Cendant embraces ‘radical’ change to affect travel division
Industry giant Cendant is breaking up into four different companies, a move attempting to build its stock prices that some news accounts called a “radical breakup.”
The $18 billion conglomerate, built up through the acquisition of dozens of companies, said it was separating into four independent companies: travel distribution, hospitality, vehicle rentals and real estate.
“The plan is designed to enable shareholders and the four companies to realize Cendant’s value, which has not yet been fully recognized by the market, despite the strong operating and financial performance,” said the company in a prepared statement.
“The move is perhaps the most vivid acknowledgement that the latest era of conglomerates built through mergers and acquisitions may be over,” wrote TheStreet.com.

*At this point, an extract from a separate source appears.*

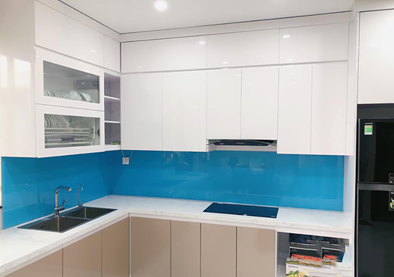 Nếu bạn đang tìm kiếm một sắc màu mang đến cảm giác mát mẻ và khác biệt cho căn bếp, thì kính ốp bếp màu xanh dương chắc chắn là lựa chọn lý tưởng. Gam màu này không chỉ tạo nên vẻ đẹp dịu mắt, dễ chịu mà còn giúp không gian trở nên nổi bật và cá tính hơn so với các tông màu truyền thống. Đặc biệt, xanh dương rất dễ phối hợp với phụ kiện và nội thất, mang lại tổng thể hài hòa, hiện đại và tràn đầy sức sống cho khu bếp của bạn.

“From inception, each of the new companies will be a major competitor in its sector,” said Cendant Chairman Henry R. Silverman.
Mr Silverman said all of Cendant’s businesses have done well but that has not been reflected in the stock market.
“We have concluded that it is in the best interests of our shareholders to establish pure-play enterprises, as we and our advisors believe the sum of the parts has a value in excess of our current share price,” he said.
Cendant includes a variety of prominent businesses, many of them travel-related such as Days Inn, Orbitz and Avis.
Cendant also owns Ramada and Super 8 hotels and the Budget rental car system.
Cendant emphasized that the planned transaction should not effect the operations of its business units. Suppliers, customers and others should see no change in operations.
The Cendant name will be retired and the four companies will have different names.
Cendant’s shareholders will own 100% of the equity in all four companies.
The move is expected to be completed by next summer.